§ **TASK PROMPT**: Locate, in the data below, the line that contains "Manifattura orientale, inizio" and the line that contains "December precipitation across"; reproduce exactly those two lines and every line between them, nothing more.

§ **RECORDS FOR THE EXERCISE**:
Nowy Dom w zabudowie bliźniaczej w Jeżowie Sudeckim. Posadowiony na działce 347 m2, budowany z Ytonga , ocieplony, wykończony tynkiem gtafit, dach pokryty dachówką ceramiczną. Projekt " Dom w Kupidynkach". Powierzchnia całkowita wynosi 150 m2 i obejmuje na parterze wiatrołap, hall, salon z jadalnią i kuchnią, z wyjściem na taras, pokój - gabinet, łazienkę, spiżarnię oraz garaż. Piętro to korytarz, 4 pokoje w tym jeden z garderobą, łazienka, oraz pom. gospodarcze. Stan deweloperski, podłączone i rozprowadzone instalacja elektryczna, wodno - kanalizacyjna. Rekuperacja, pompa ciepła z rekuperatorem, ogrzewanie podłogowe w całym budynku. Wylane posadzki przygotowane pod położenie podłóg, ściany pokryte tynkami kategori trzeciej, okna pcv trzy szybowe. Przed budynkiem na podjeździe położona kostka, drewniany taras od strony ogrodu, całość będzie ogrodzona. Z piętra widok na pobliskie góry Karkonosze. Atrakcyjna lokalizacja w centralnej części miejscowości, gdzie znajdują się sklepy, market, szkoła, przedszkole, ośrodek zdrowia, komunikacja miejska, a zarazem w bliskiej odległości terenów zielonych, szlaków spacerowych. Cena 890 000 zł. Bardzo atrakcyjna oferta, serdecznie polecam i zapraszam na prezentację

--

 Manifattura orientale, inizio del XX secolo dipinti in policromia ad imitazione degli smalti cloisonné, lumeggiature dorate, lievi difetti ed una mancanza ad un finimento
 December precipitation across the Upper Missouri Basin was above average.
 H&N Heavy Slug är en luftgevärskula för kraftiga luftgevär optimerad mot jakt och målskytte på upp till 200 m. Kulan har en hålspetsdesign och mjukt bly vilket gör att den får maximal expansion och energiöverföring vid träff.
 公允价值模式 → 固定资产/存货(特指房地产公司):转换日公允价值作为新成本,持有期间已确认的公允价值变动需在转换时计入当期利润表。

§ **ANSWER BELOW**:
 Manifattura orientale, inizio del XX secolo dipinti in policromia ad imitazione degli smalti cloisonné, lumeggiature dorate, lievi difetti ed una mancanza ad un finimento
 December precipitation across the Upper Missouri Basin was above average.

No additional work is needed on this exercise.